◆ EXERCISE PROMPT
The listing below contains a span that opens with the line containing "With a metal" and closes with the line containing "08.30 น. เป้าหมายต่อไปสวนผลไม้". Return that span exactly.

◆ PROVIDED MATERIAL
···

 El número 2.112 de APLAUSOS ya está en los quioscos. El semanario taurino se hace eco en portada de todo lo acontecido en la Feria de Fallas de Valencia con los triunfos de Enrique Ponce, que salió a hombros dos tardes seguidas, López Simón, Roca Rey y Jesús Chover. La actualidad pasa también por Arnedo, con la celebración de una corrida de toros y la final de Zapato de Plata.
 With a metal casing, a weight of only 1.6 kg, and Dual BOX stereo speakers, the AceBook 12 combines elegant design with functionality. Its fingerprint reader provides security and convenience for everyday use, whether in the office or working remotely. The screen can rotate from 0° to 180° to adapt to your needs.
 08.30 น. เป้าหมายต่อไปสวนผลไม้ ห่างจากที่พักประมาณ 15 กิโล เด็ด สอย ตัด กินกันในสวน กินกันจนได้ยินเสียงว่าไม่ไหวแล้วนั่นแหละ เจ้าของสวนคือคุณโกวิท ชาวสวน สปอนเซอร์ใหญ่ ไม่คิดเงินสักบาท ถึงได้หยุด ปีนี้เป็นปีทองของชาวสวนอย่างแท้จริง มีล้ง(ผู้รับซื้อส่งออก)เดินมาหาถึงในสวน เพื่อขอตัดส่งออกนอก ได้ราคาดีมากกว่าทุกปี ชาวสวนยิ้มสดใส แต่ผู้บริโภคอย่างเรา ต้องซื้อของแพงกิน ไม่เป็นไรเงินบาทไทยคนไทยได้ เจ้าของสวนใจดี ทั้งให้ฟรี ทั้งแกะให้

···

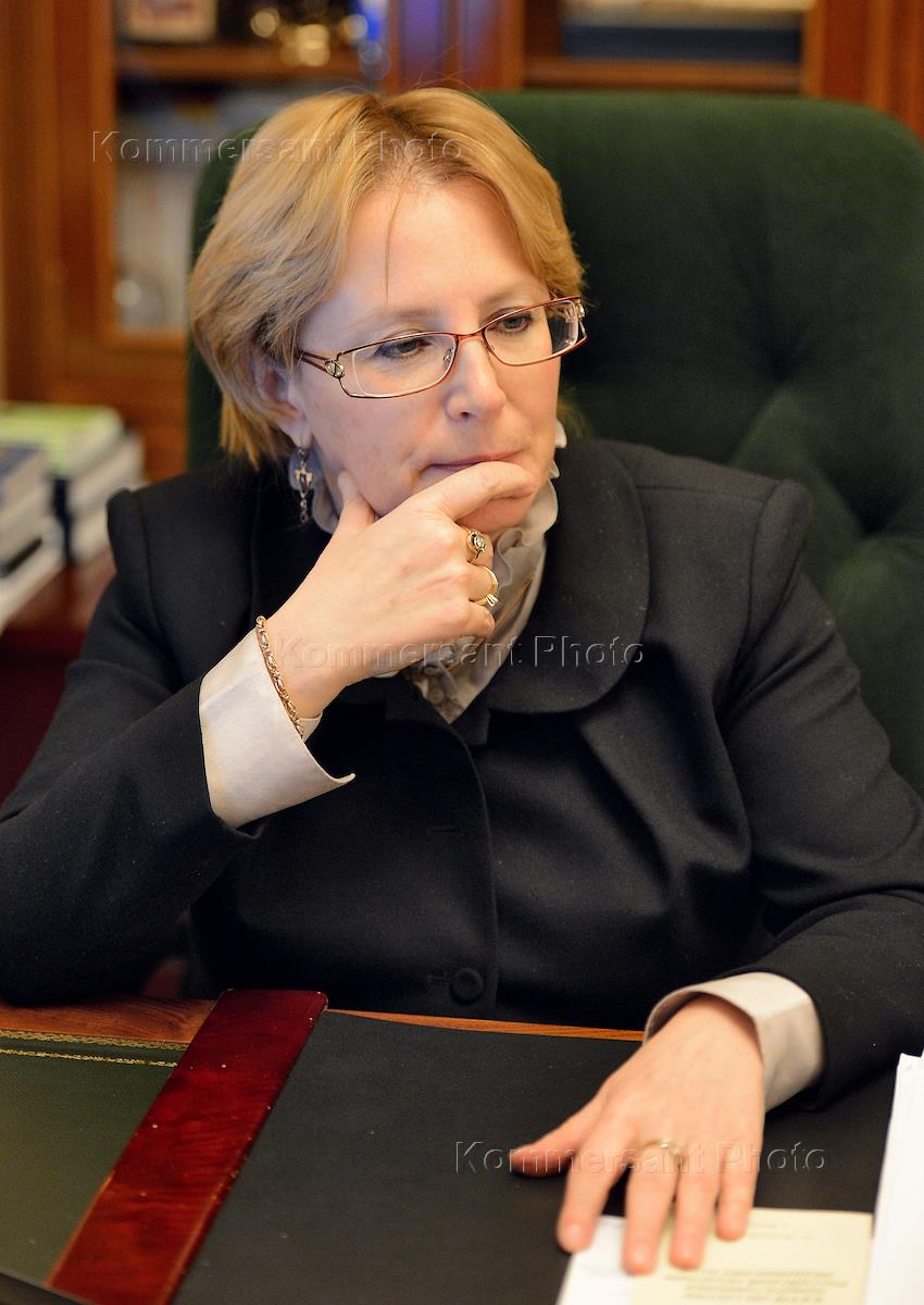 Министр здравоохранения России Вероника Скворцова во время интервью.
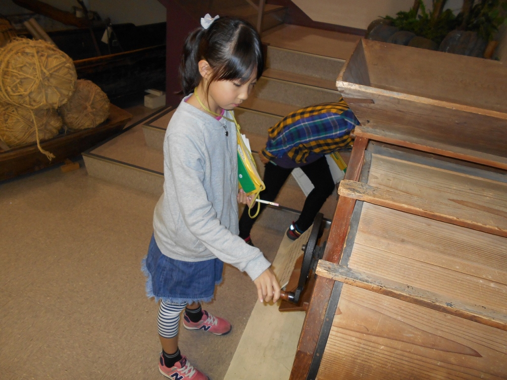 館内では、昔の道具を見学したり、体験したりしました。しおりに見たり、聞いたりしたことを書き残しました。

···

◆ WRITTEN SOLUTION
 With a metal casing, a weight of only 1.6 kg, and Dual BOX stereo speakers, the AceBook 12 combines elegant design with functionality. Its fingerprint reader provides security and convenience for everyday use, whether in the office or working remotely. The screen can rotate from 0° to 180° to adapt to your needs.
 08.30 น. เป้าหมายต่อไปสวนผลไม้ ห่างจากที่พักประมาณ 15 กิโล เด็ด สอย ตัด กินกันในสวน กินกันจนได้ยินเสียงว่าไม่ไหวแล้วนั่นแหละ เจ้าของสวนคือคุณโกวิท ชาวสวน สปอนเซอร์ใหญ่ ไม่คิดเงินสักบาท ถึงได้หยุด ปีนี้เป็นปีทองของชาวสวนอย่างแท้จริง มีล้ง(ผู้รับซื้อส่งออก)เดินมาหาถึงในสวน เพื่อขอตัดส่งออกนอก ได้ราคาดีมากกว่าทุกปี ชาวสวนยิ้มสดใส แต่ผู้บริโภคอย่างเรา ต้องซื้อของแพงกิน ไม่เป็นไรเงินบาทไทยคนไทยได้ เจ้าของสวนใจดี ทั้งให้ฟรี ทั้งแกะให้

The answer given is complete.